1.0 Microcode and Document Revision History

Firmware Level

Description

86.00.26.00.02

GA release fw.
Self-extracting image with NVIDIA Firmware Update Utility Version 5.323.0

 

The Firmware Levels Below Are No Longer Supported By IBM Once They Have Been Removed From The Microcode Down Load Website.

It is best practices to update to the latest FW level not only for IBM support of these products, but for optimal performance and to ensure that all of the required HW/FW fixes are installed. Once new FW has been released to the field, we will provide a 6 month grace period for customers to update these products to the currently supported FW level.

Please Update To The Latest Level At Your Earliest Convenience

86.00.1C.00.01

Early shipment release

 

 

 

Document Revision History

Description

1/23/2017

Creating readme file with latest VBIOS – 86.00.26.00.02

 

 

 

 

2.0 General information

This Readme file is intended to give directions on how to update the VBIOS found on the NVIDIA Tesla P100 SXM2 NVLINK GPU (FC EC4C, EC4D, EC4F, CCIN EC4C)

Special Requirement:

Reboot of the OS is required.

Non-Concurrent Download:

The microcode installation does NOT support concurrent download.

NOTE: It is recommended that the installation be scheduled during a maintenance window or during non-peak production periods.

Supported OS
Linux

 

3.0 Installation time

Approximately 10 minutes.

 

4.0 Machine's Affected

S822LC     (8335-GTB)
Feature Codes

EC4C Air-Cooled NVIDIA Tesla P100 GPU (for First Pair)
EC4D Air-Cooled NVIDIA Tesla P100 GPU (for Second Pair)
EC4F Water-Cooled NVIDIA Tesla P100 GPU

CCIN EC4C

5.0 Linux Requirements Error! Bookmark not defined.

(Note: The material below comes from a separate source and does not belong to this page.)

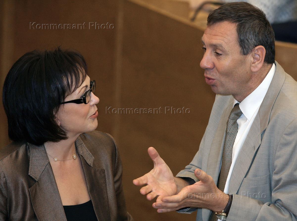 Первый заместитель председателя правительства России Игорь Шувалов (слева) и член комитета Государственной думы России по охране здоровья Татьяна Яковлева (справа) на заседании Государственной думы России.
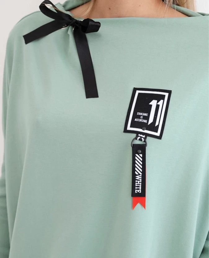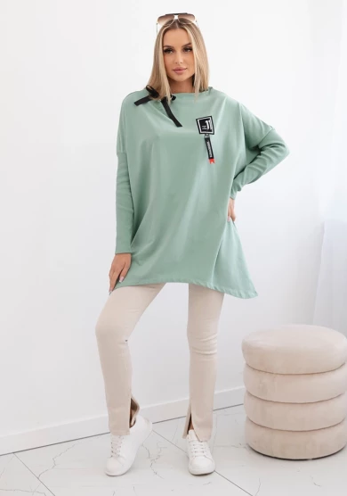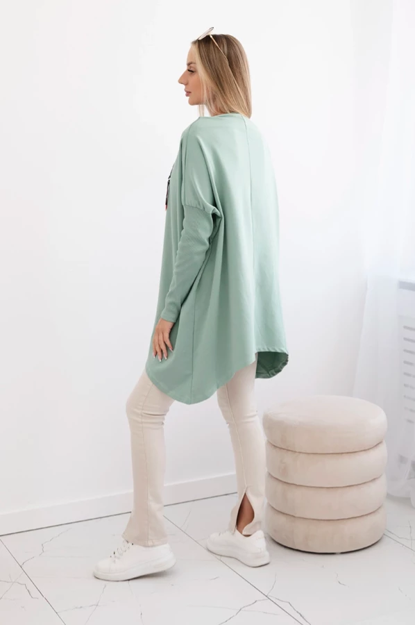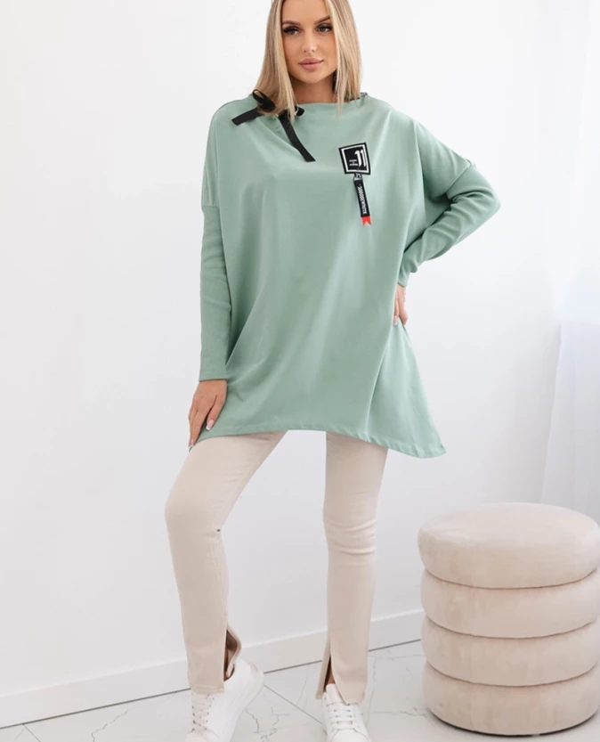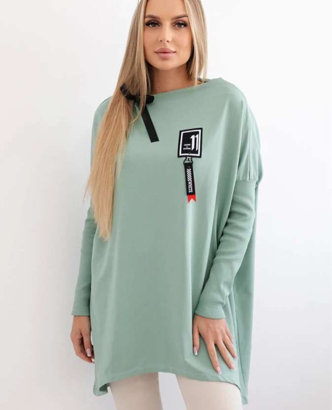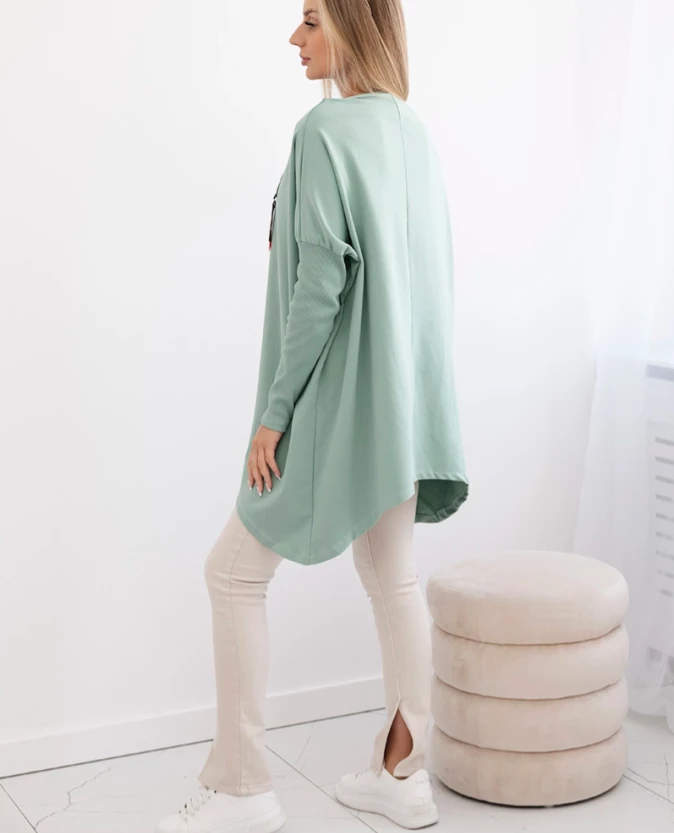 Bluza oversize z asymetrycznymi bokami Ciemny Miętowy

Instructions (for Linux) to update VBIOS FW:

 

1.  Identify GPU Adapters.
In this example we have 1 GP100 adapter. Each GP100 shows up as 1 GPU.

# lspci |grep -i Nvidia

0002:01:00.0 3D controller: NVIDIA Corporation GP100GL (rev a1)

# nvidia-smi -L

GPU 0: Tesla P100-SXM2-16GB (UUID: GPU-3a3e26d8-8c35-59de-caa1-8a64cc270df9)

 

2. Verify the current Firmware level with nvidia-smi -q

 

# nvidia-smi -q |grep -E 'GPU 00|VBIOS'

GPU 0002:01:00.0

    VBIOS Version                   : 86.00.26.00.02

If you see any level lower than 86.00.26.00.02 for Tesla P100-SXM2 GPU an update is recommended.

 

3. Download auto_confirm_self_extract_h403_0201_890_0__8600260002 from Fix Central

 

 

4. Verify the size and checksum of the executables before flashing:

# ls -l auto_confirm_self_extract_h403_0201_890_0__8600260002

-rwxr-xr-x. 1 root root 6550824 Jan 18 13:22 auto_confirm_self_extract_h403_0201_890_0__8600260002

# sum auto_confirm_self_extract_h403_0201_890_0__8600260002

12336  6398

 

5. Update the VBIOS by running the executable files as root user.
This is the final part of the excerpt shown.